Alianzas forzadas y tensiones recientes

En su segundo período, Santos reemplazó a Garzón con Germán Vargas Lleras, con quien estableció una dinámica donde Santos actuaba como Jefe de Gobierno y Vargas como una especie de Primer Ministro. No obstante, Vargas renunció para lanzar su propia campaña presidencial, que resultó poco exitosa dada la impopularidad del gobierno.

Más recientemente, Marta Lucía Ramírez, vicepresidenta de Iván Duque y proveniente de un partido distinto, protagonizó una agenda mediática que generó múltiples incomodidades al mandatario. Situación similar vivió Francia Márquez, cuya relación con Gustavo Petro llegó a tal punto de tensión que terminó marginada de las decisiones clave del poder.

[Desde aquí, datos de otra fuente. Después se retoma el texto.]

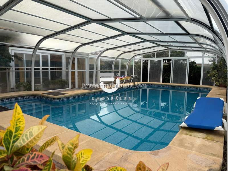 El exterior de la propiedad invita a disfrutar al máximo del buen clima. Rodeada de jardín y con un huerto propio, la parcela incluye una espectacular piscina climatizada, zona de cocina exterior con paellero y barbacoa, además de un aseo de servicio, lo que convierte este espacio en el lugar perfecto para reuniones, celebraciones o simplemente relajarse al aire libre.
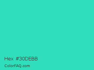 Hex #30debb Color is a normal cyan color and the nearest color is Turquoise PWG #30d5c8. Hex code #30debb and RGB value is rgb(48,222,187). In RGB color space, this color is composed of 19% red, 87% green, 73% blue, In CMYK color space, this color is composed of 78% cyan, 0% magenta, 16% yellow , 13% black , In HSL color space, this color has a hue angle of 168° , 73% saturation and 53% lightness.
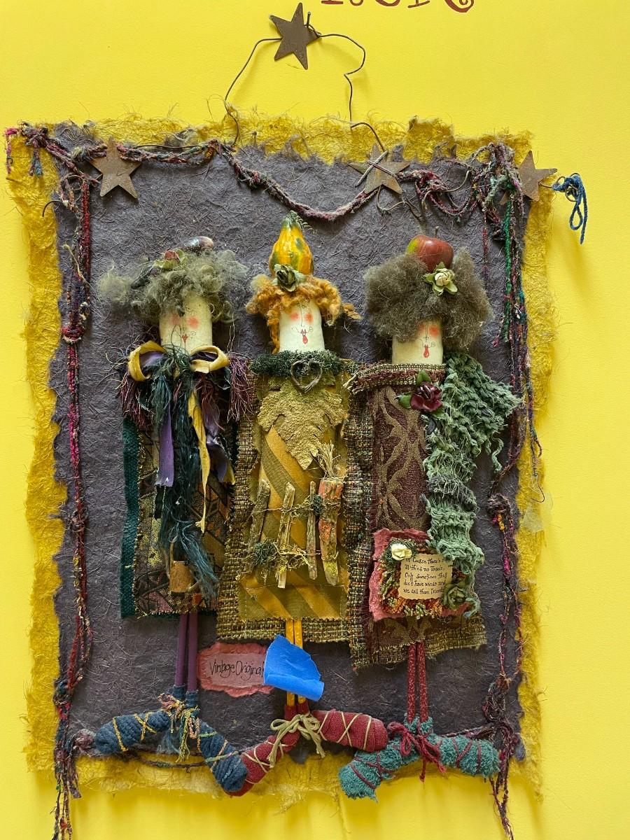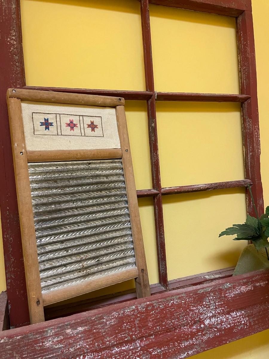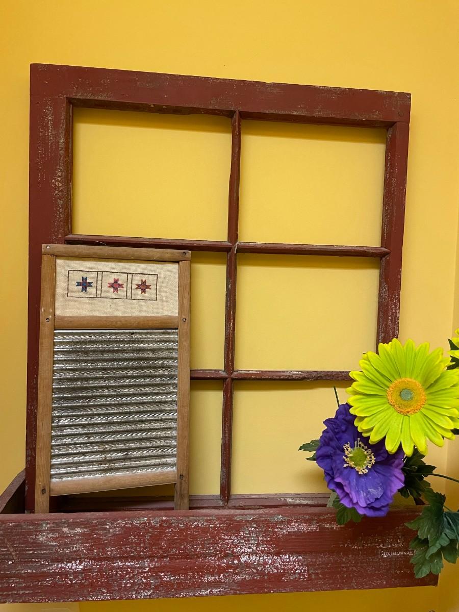 Vintage Originals Artwork with 3 Ladies and Window box decor including washboard and flowers

La dupla Valencia-Oviedo: un matrimonio de conveniencia

Toda esta historia sirve para contextualizar la actual llave electoral conformada por Paloma Valencia y Juan Daniel Oviedo, un matrimonio de conveniencia con pocos elementos en común, aunque ambos se identifican con la derecha política. De alcanzar la victoria, esta unión presenta todas las características de una alianza que podría no funcionar de manera óptima. Sin embargo, en la realidad política colombiana, quien ejerce el mando es el presidente, y los vicepresidentes, ya sean controvertidos o discretos, ni quitan ni ponen en el equilibrio fundamental del poder.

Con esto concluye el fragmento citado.